Start of Block

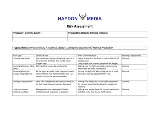 This risk assessment document outlines several risks associated with an internal film production and ways to minimize those risks. The risks include tripping over wires, electrical fires from improperly used lighting equipment, damage to expensive cameras and equipment, and medical issues from preexisting conditions. The document assigns responsibility for mitigating each risk to the producer, Gemma Lovitt, and suggests taping wires, properly using and turning off lights, regularly checking equipment, and ensuring medical preparedness.
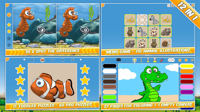 您是否正在艰难地在应用商店内的无数应用中浏览针对幼儿或者学前儿童的应用? 若您的孩子热爱动物,而您又正在寻找即有趣又具有教育意义的应用,那么,拥有大量内容和许多重玩价值,集12种游戏于一款应用中的 儿童乐园 1 就是为您而打造的。 精彩的动物游乐场 中的游戏是为吸引仅2岁大小的儿童而设计的,但其复杂度和难度都有所增加,即使是对于6岁的儿童来说也会具有挑战性。 非常适合兄弟姐妹一起或者孩子们与父母一起玩。 精彩的动物游乐场 中包括12种游戏 - 该版本中最突出的是: • 删除:还不具备绘画或者涂颜色的细动作技能的小家伙们能够擦去每张图片上的银色表面去发现下面有什么东西! • 绘画 :…
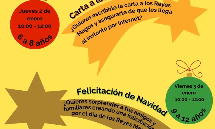 El 2 de enero, de 10:00h a 12:00h se realizará un taller dirigido a niños/as de 6 a 8 años para escribir la carta a los Reyes Magos y que ésta les llegue directamente por internet.
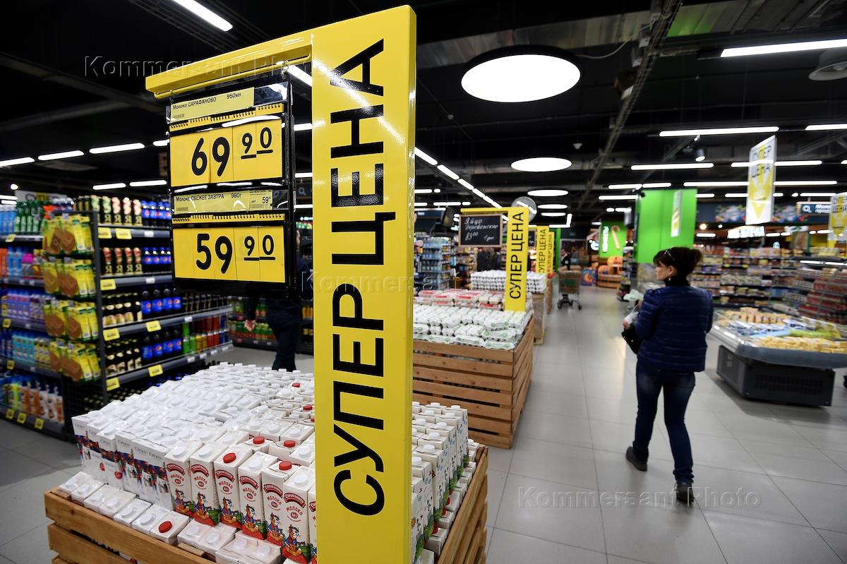 Супермаркет "Перекресток" в торговом центре "Океания" на Кутузовском проспекте. Покупатель в торговом зале. Табличка с надписью "Супер цена".
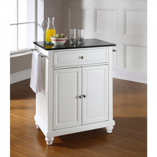 Crosley KF30024DWH Cuisine Cambridge 28" Kitchen Island White Finish Solid Black Granite Top
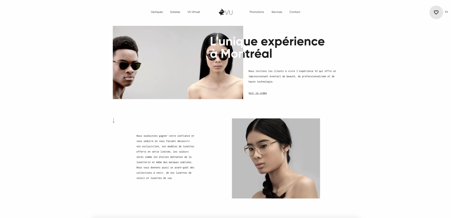 <p>VU offre des services d'optométrie et une collection unique et tendance de lunettes de vue et lunettes de soleil pour femmes et pour hommes.</p>
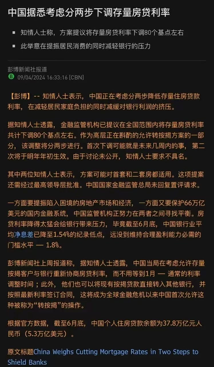 3、彭博社今天又报道了「转按揭」这个政策,据说高层正在考虑分两步下调存量房贷利率,首次下调可能就是未来几周内的事,第二次将于明年年初生效。
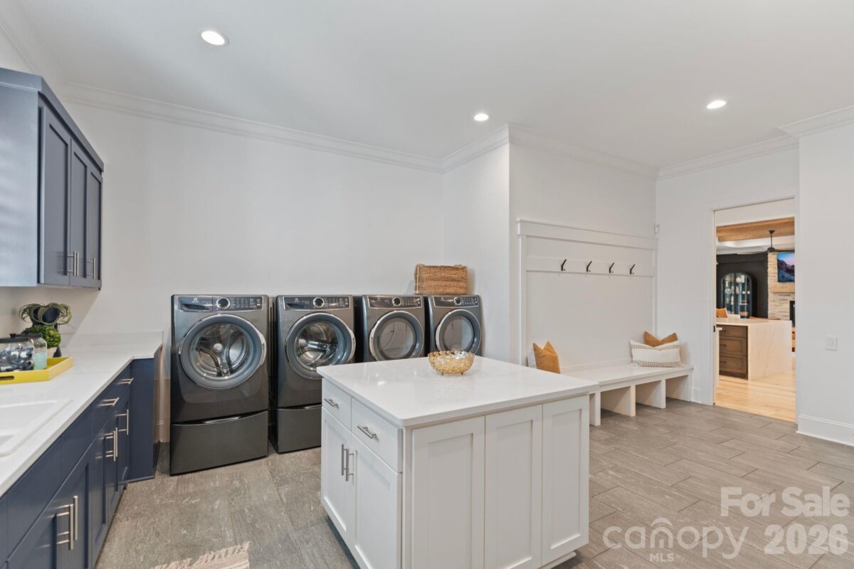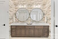 A rare private estate on 1.8 acres in The Reserve at River Run, designed for those who value space, quiet, and refined indoor-outdoor living. This exceptional 6500 sf custom home has privacy on all sides, which is rarely found in this community. Masterfully designed by Kathryn Lilly Interiors, this home seamlessly blends refined sophistication with everyday livability. Surrounded by serene park and wooded views, the two-level residence is located steps away from the beautiful greenway trail. The main level is anchored by a chef’s kitchen featuring a dramatic quartz waterfall island, 72†integrated refrigerator/freezer, professional-grade appliances, and an expansive walk-in pantry complete with an additional 36†refrigerator-ideal for effortless entertaining. The primary suite is a sanctuary on the main level, offering a spa-inspired bath and a fully customized dressing room. A generous guest suite with ensuite bath on main level provides comfort and convenience for visitors. Upstairs, a spacious game room with wet bar creates the perfect gathering space, alongside three additional bedrooms- each with its own ensuite bath. The layout offers exceptional separation for guests, family members, or work-from-home living. A thoughtfully designed private wing offers ultimate flexibility for an au pair, in-laws, or extended stay guests, complete with a second laundry room, kitchenette, and expansive bonus space. Seamless indoor-outdoor living is showcased through two screened porches featuring a fireplace and built-in gas grill- perfect for year-round enjoyment. The backyard is a true retreat, highlighted by a custom pool and spa surrounded by luxurious travertine hardscape. The pool and terrace create a resort-like outdoor setting below the main living level. Additional features include a standing-height encapsulated crawlspace offering exceptional storage, and a 3+ car garage outfitted with custom storage systems, epoxy flooring, and EV charging stations. Experience the luxury of space, privacy, and thoughtful design- all while enjoying the premier lifestyle of River Run and the charm of Davidson.
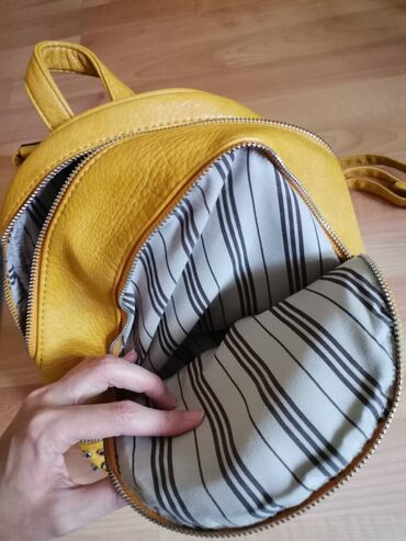 Mini ranac Marc Jacobs - Dizajn: kompaktan, zaobljen mini ranac sa prepoznatljivim zlatnim metalnim logom na prednjoj strani. - Boje: puder roze prednja strana, bočni i donji delovi u crnoj, pozad...
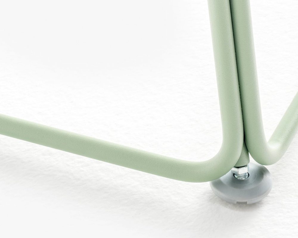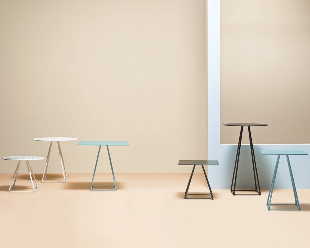 The base consists of four trapezoidal steel rods and can be combined with tops of different sizes and finishes.
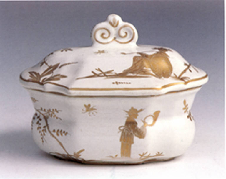 • NOTIZIE STORICO CRITICHE Da un lato è evidente la familiarità di questa impaginazione decorativa con i motivi alla "chiense blu e coloretti" documentati nell'invetario di Felice Clerici. Altrettanto evidente è, però, la loro coerenza con pezzi attribuiti sicuramente a Pasquale Rubati decorati con "chinesi" oro e una fascia a oeill de pedrix e con la tulipaniera che trova lo stesso bamboccio orientale in un medaglione mistilineo a fondo arancione e che porta marca del "chiodo in manganese" che va assegnato a Rubati. Tutto ciò costringe alla salomonica conclusione di inserire questi cinesi nel repertorio sicuramente condiviso nelle due manifatture milanesi o, forse più arditamente ad attribuire queste figurine "chinesi" alla mano di Rubati stesso, prima pittore stipendiato da Clerici e poi padrone di se stesso.\nLa moda di dipingere queste figurine orientali in monocromia oro, ispirata a porcellane e a lacche cinesi,aveva già preso piede: a Meissen dal 1710 vi si dedicava Cristoph Konrad Hunger e numerosi Hausmalern di Augsburg. Dalla Sassonia questo particolare tipo di cineseria si era molto diffusa sulla porcellana europea e italiana, ne conosciamo esemplari sfornati dalla manifattura veneziana di Giovanni Vezzi e toscana di Carlo Ginori.
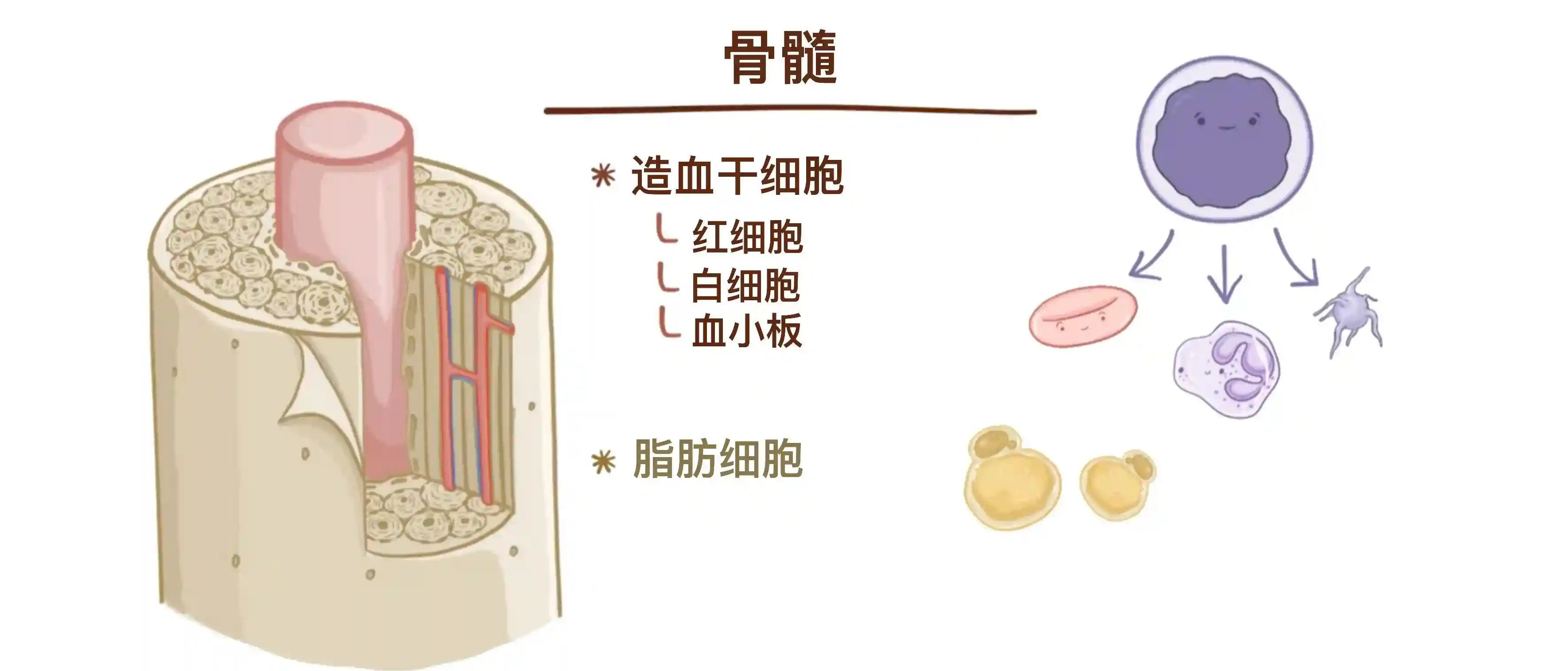 在松质骨层的内部是骨髓。骨髓由造血干细胞的混合物组成,它们最终分化为红细胞、白细胞和血小板。

End of Block

Problem details
Transcribe the material exactly, leaving every picture out.

Answer to this exercise
 This risk assessment document outlines several risks associated with an internal film production and ways to minimize those risks. The risks include tripping over wires, electrical fires from improperly used lighting equipment, damage to expensive cameras and equipment, and medical issues from preexisting conditions. The document assigns responsibility for mitigating each risk to the producer, Gemma Lovitt, and suggests taping wires, properly using and turning off lights, regularly checking equipment, and ensuring medical preparedness.
 您是否正在艰难地在应用商店内的无数应用中浏览针对幼儿或者学前儿童的应用? 若您的孩子热爱动物,而您又正在寻找即有趣又具有教育意义的应用,那么,拥有大量内容和许多重玩价值,集12种游戏于一款应用中的 儿童乐园 1 就是为您而打造的。 精彩的动物游乐场 中的游戏是为吸引仅2岁大小的儿童而设计的,但其复杂度和难度都有所增加,即使是对于6岁的儿童来说也会具有挑战性。 非常适合兄弟姐妹一起或者孩子们与父母一起玩。 精彩的动物游乐场 中包括12种游戏 - 该版本中最突出的是: • 删除:还不具备绘画或者涂颜色的细动作技能的小家伙们能够擦去每张图片上的银色表面去发现下面有什么东西! • 绘画 :…
 El 2 de enero, de 10:00h a 12:00h se realizará un taller dirigido a niños/as de 6 a 8 años para escribir la carta a los Reyes Magos y que ésta les llegue directamente por internet.
 Супермаркет "Перекресток" в торговом центре "Океания" на Кутузовском проспекте. Покупатель в торговом зале. Табличка с надписью "Супер цена".
 Crosley KF30024DWH Cuisine Cambridge 28" Kitchen Island White Finish Solid Black Granite Top
 <p>VU offre des services d'optométrie et une collection unique et tendance de lunettes de vue et lunettes de soleil pour femmes et pour hommes.</p>
 3、彭博社今天又报道了「转按揭」这个政策,据说高层正在考虑分两步下调存量房贷利率,首次下调可能就是未来几周内的事,第二次将于明年年初生效。
 A rare private estate on 1.8 acres in The Reserve at River Run, designed for those who value space, quiet, and refined indoor-outdoor living. This exceptional 6500 sf custom home has privacy on all sides, which is rarely found in this community. Masterfully designed by Kathryn Lilly Interiors, this home seamlessly blends refined sophistication with everyday livability. Surrounded by serene park and wooded views, the two-level residence is located steps away from the beautiful greenway trail. The main level is anchored by a chef’s kitchen featuring a dramatic quartz waterfall island, 72†integrated refrigerator/freezer, professional-grade appliances, and an expansive walk-in pantry complete with an additional 36†refrigerator-ideal for effortless entertaining. The primary suite is a sanctuary on the main level, offering a spa-inspired bath and a fully customized dressing room. A generous guest suite with ensuite bath on main level provides comfort and convenience for visitors. Upstairs, a spacious game room with wet bar creates the perfect gathering space, alongside three additional bedrooms- each with its own ensuite bath. The layout offers exceptional separation for guests, family members, or work-from-home living. A thoughtfully designed private wing offers ultimate flexibility for an au pair, in-laws, or extended stay guests, complete with a second laundry room, kitchenette, and expansive bonus space. Seamless indoor-outdoor living is showcased through two screened porches featuring a fireplace and built-in gas grill- perfect for year-round enjoyment. The backyard is a true retreat, highlighted by a custom pool and spa surrounded by luxurious travertine hardscape. The pool and terrace create a resort-like outdoor setting below the main living level. Additional features include a standing-height encapsulated crawlspace offering exceptional storage, and a 3+ car garage outfitted with custom storage systems, epoxy flooring, and EV charging stations. Experience the luxury of space, privacy, and thoughtful design- all while enjoying the premier lifestyle of River Run and the charm of Davidson.
 Mini ranac Marc Jacobs - Dizajn: kompaktan, zaobljen mini ranac sa prepoznatljivim zlatnim metalnim logom na prednjoj strani. - Boje: puder roze prednja strana, bočni i donji delovi u crnoj, pozad...
 The base consists of four trapezoidal steel rods and can be combined with tops of different sizes and finishes.
 • NOTIZIE STORICO CRITICHE Da un lato è evidente la familiarità di questa impaginazione decorativa con i motivi alla "chiense blu e coloretti" documentati nell'invetario di Felice Clerici. Altrettanto evidente è, però, la loro coerenza con pezzi attribuiti sicuramente a Pasquale Rubati decorati con "chinesi" oro e una fascia a oeill de pedrix e con la tulipaniera che trova lo stesso bamboccio orientale in un medaglione mistilineo a fondo arancione e che porta marca del "chiodo in manganese" che va assegnato a Rubati. Tutto ciò costringe alla salomonica conclusione di inserire questi cinesi nel repertorio sicuramente condiviso nelle due manifatture milanesi o, forse più arditamente ad attribuire queste figurine "chinesi" alla mano di Rubati stesso, prima pittore stipendiato da Clerici e poi padrone di se stesso.\nLa moda di dipingere queste figurine orientali in monocromia oro, ispirata a porcellane e a lacche cinesi,aveva già preso piede: a Meissen dal 1710 vi si dedicava Cristoph Konrad Hunger e numerosi Hausmalern di Augsburg. Dalla Sassonia questo particolare tipo di cineseria si era molto diffusa sulla porcellana europea e italiana, ne conosciamo esemplari sfornati dalla manifattura veneziana di Giovanni Vezzi e toscana di Carlo Ginori.
 在松质骨层的内部是骨髓。骨髓由造血干细胞的混合物组成,它们最终分化为红细胞、白细胞和血小板。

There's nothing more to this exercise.